TASK STATEMENT: Leave out the pictures and repeat exactly the lines from the one containing "Dodecatheon meadia and Doronicum orientale" through the end of the records.

******

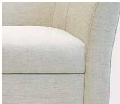
Seat cover features seamless front for increased durability
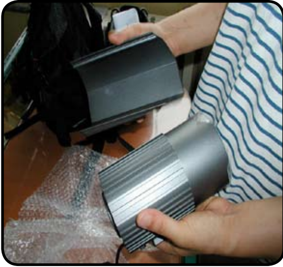
1. Remove the sunshield.
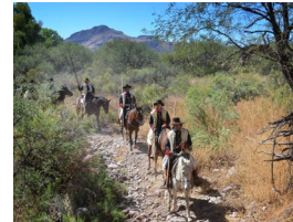
De Anza Days in October. Costumed Re-enactment.
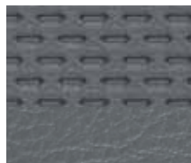
Medium Dark Flint Vinyl
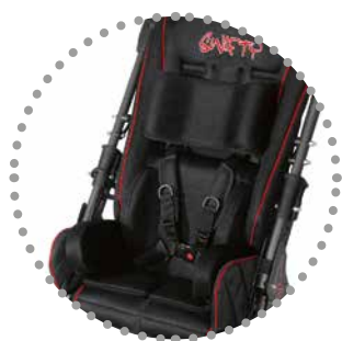
Seat minimizer for smaller children (accessory) – grows with your child for a very long time
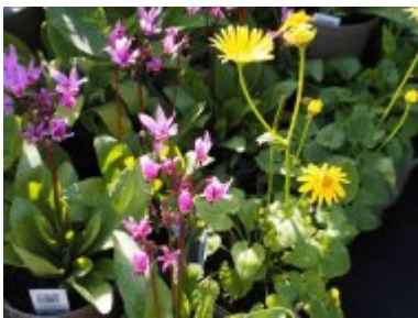
Dodecatheon meadia and Doronicum orientale

Clumps can be divided in spring but summer collected ripe seed can be sown in containers in the cold frame as soon as it is ripe.
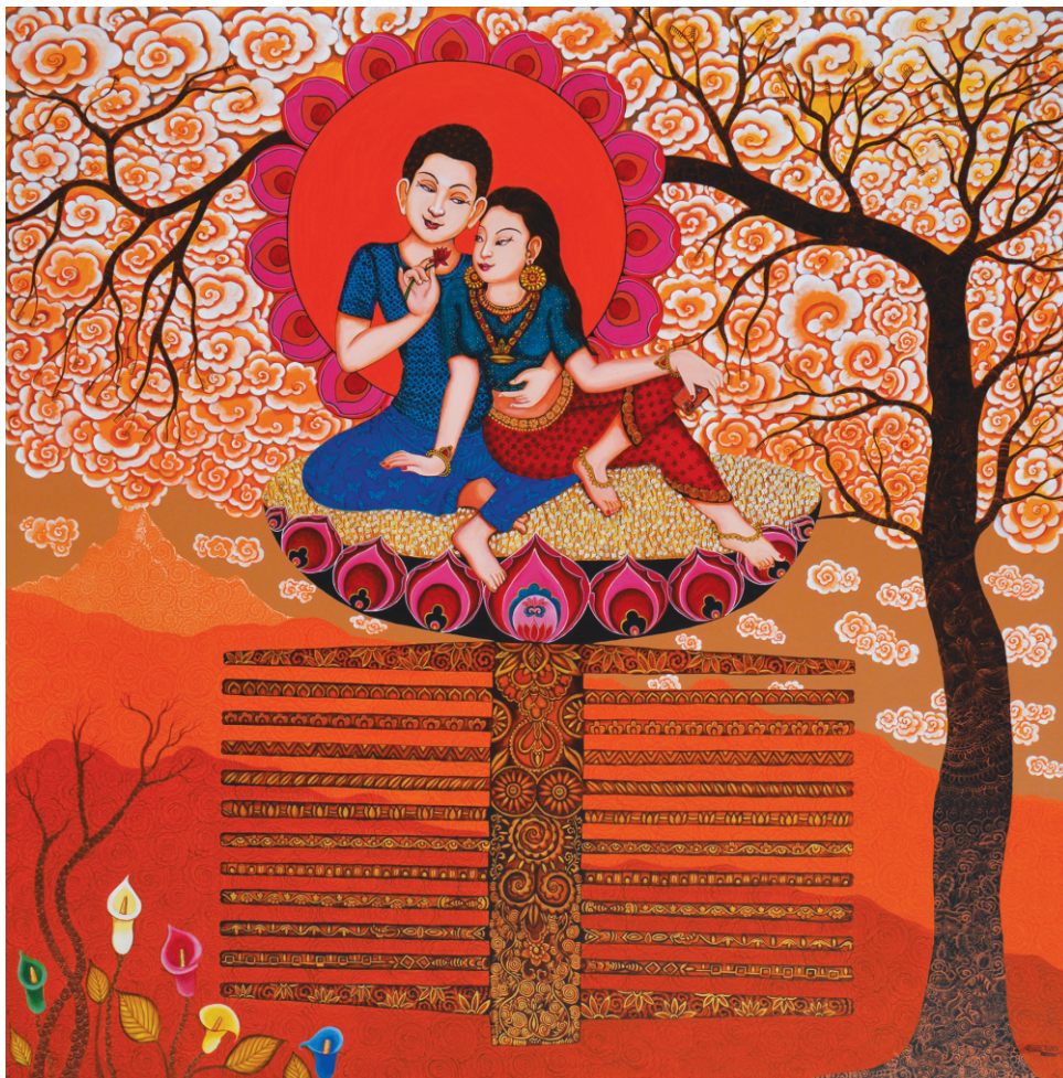
Uma Mahehor | Acrylic on canvas | 72 x 72 inch

******

REPLY:
Dodecatheon meadia and Doronicum orientale

Clumps can be divided in spring but summer collected ripe seed can be sown in containers in the cold frame as soon as it is ripe.
Uma Mahehor | Acrylic on canvas | 72 x 72 inch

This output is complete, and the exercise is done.